# What to do:
Images are to be omitted, and the rest of the records reproduced exactly.

# Input:
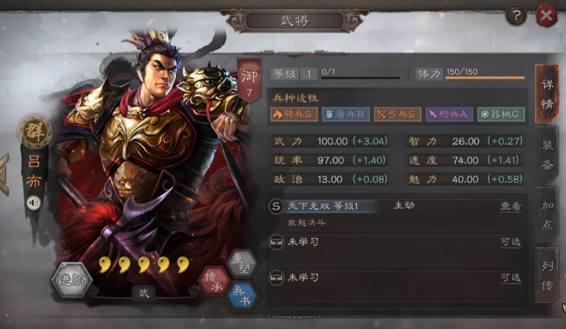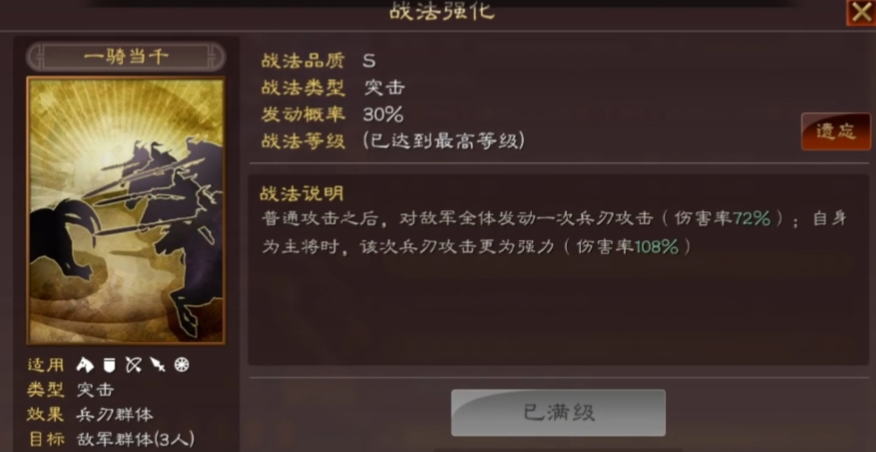 装备特技如无双是吕布专属的效果,首回合提供连击状态,相比普通战法更加稳定且没有负面效果,玩家可以通过锻造方天画戟随机获得这一特技,建议预留资源多次尝试,紫色及以上的品质装备才有概率附加特技,这些特技能在战斗准备阶段固定触发,帮助吕布快速建立优势。吕布的装备需与战法和阵容形成联动,才能最大化他的高爆发特性,标准战法搭配包括一骑当千和鬼神霆威,前者提供群体伤害而后者增强单体爆发,配合三势阵和虎豹骑等辅助战法可以提升主动战法发动率和突击效果。
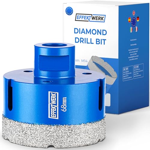 EffektWerk Masonry Kakelborr (68mm), Diamantkärnborr med M14 skaft, Diamanthålsåg för hårda kakel, Granit, Keramik & Porslin Stengods
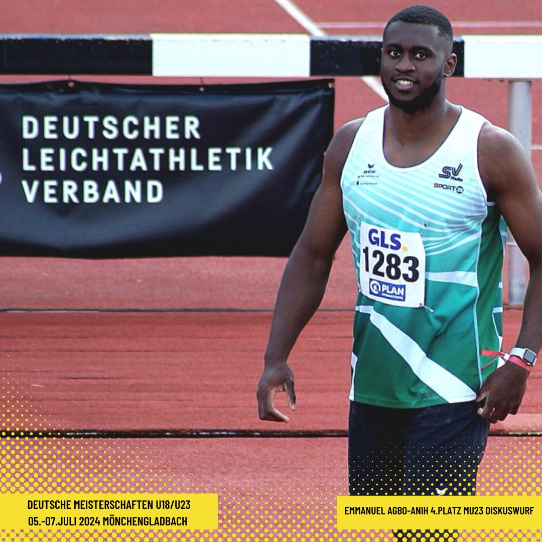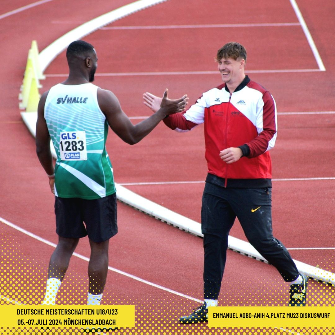 Im parallel stattfindenden Diskuswurfwettkampf der MU23 platzierte Emmanuel Agbo Anih vom SV Halle seinen 2,0 kg-Diskus auf eine neue Bestleistung von 57,86 m und sicherte sich in einem hochkarätigen Wettkampf Rang 4. Steven Richter vom LV90 Erzgebirge siegte mit starken 65,54 m.
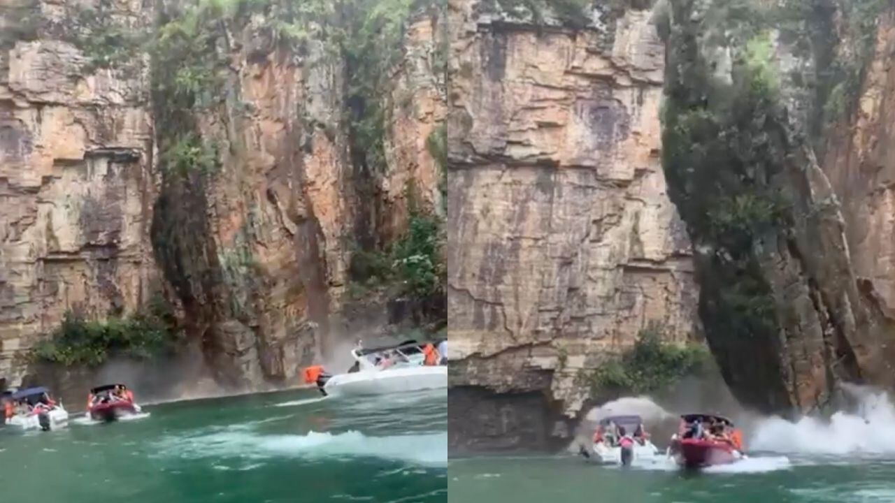 De acordo com as imagens, vários barcos de passageiro passeavam pelo lago e três deles estavam mais perto da cachoeira. Em determinado momento, um paredão de pedra e terra se solta do enorme barranco e atinge os barcos com violência.
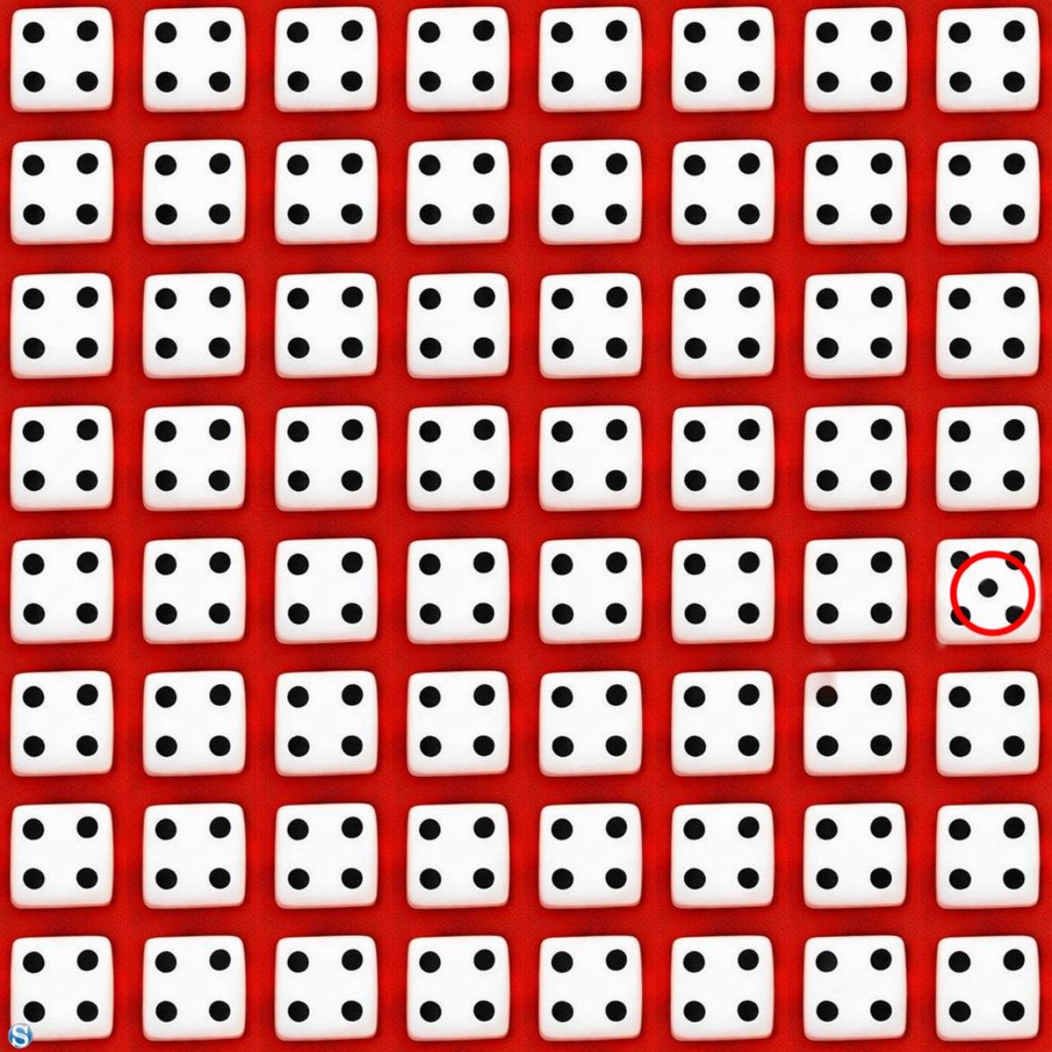 Перед вами множество игральных костей, которые кажутся одинаковыми на первый взгляд. Но это не так! Среди них спряталась одна отличающаяся деталь. Ваша задача — найти её всего за 5 секунд.
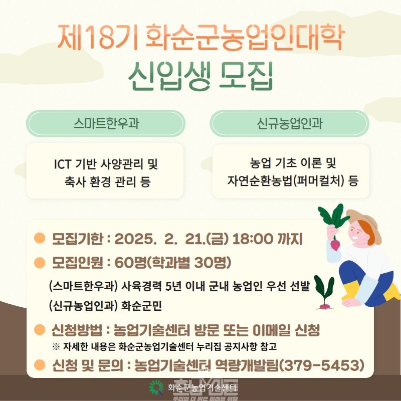 화순군(군수 구복규)은 지역 농업 특화 발전을 위한 전문 인력 양성을 위해 ‘2025년도 화순군농업인대학 신입생 모집을 2월 21일까지 신청·접수한다고 밝혔다.
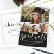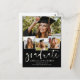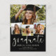 Eine moderne Abschluss-Einladung mit dem Wort "Graduierte" auf der Vorderseite in stilvoller Schrift-Kalligrafie, plus 4 Ihrer Lieblings-Senior-Fotos. Fügen Sie Ihre persönlichen Feierlichkeiten hinzu. Das ist die schlichte schwarze und Elfenbeinversion.
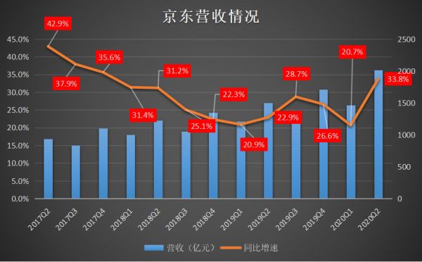 徐雷没有辜负刘强东的信任。昨日晚间,京东发布了2020年第二季度财务业绩,报告显示,京东在营收、利润、活跃用户数等核心指标上均实现不同程度增长。其中,净收入2011亿元人民币,同比增长33.8%,非美国通用会计准则下归属于普通股股东的净利润为59亿元,同比增长66.1%。

# Written response:
 装备特技如无双是吕布专属的效果,首回合提供连击状态,相比普通战法更加稳定且没有负面效果,玩家可以通过锻造方天画戟随机获得这一特技,建议预留资源多次尝试,紫色及以上的品质装备才有概率附加特技,这些特技能在战斗准备阶段固定触发,帮助吕布快速建立优势。吕布的装备需与战法和阵容形成联动,才能最大化他的高爆发特性,标准战法搭配包括一骑当千和鬼神霆威,前者提供群体伤害而后者增强单体爆发,配合三势阵和虎豹骑等辅助战法可以提升主动战法发动率和突击效果。
 EffektWerk Masonry Kakelborr (68mm), Diamantkärnborr med M14 skaft, Diamanthålsåg för hårda kakel, Granit, Keramik & Porslin Stengods
 Im parallel stattfindenden Diskuswurfwettkampf der MU23 platzierte Emmanuel Agbo Anih vom SV Halle seinen 2,0 kg-Diskus auf eine neue Bestleistung von 57,86 m und sicherte sich in einem hochkarätigen Wettkampf Rang 4. Steven Richter vom LV90 Erzgebirge siegte mit starken 65,54 m.
 De acordo com as imagens, vários barcos de passageiro passeavam pelo lago e três deles estavam mais perto da cachoeira. Em determinado momento, um paredão de pedra e terra se solta do enorme barranco e atinge os barcos com violência.
 Перед вами множество игральных костей, которые кажутся одинаковыми на первый взгляд. Но это не так! Среди них спряталась одна отличающаяся деталь. Ваша задача — найти её всего за 5 секунд.
 화순군(군수 구복규)은 지역 농업 특화 발전을 위한 전문 인력 양성을 위해 ‘2025년도 화순군농업인대학 신입생 모집을 2월 21일까지 신청·접수한다고 밝혔다.
 Eine moderne Abschluss-Einladung mit dem Wort "Graduierte" auf der Vorderseite in stilvoller Schrift-Kalligrafie, plus 4 Ihrer Lieblings-Senior-Fotos. Fügen Sie Ihre persönlichen Feierlichkeiten hinzu. Das ist die schlichte schwarze und Elfenbeinversion.
 徐雷没有辜负刘强东的信任。昨日晚间,京东发布了2020年第二季度财务业绩,报告显示,京东在营收、利润、活跃用户数等核心指标上均实现不同程度增长。其中,净收入2011亿元人民币,同比增长33.8%,非美国通用会计准则下归属于普通股股东的净利润为59亿元,同比增长66.1%。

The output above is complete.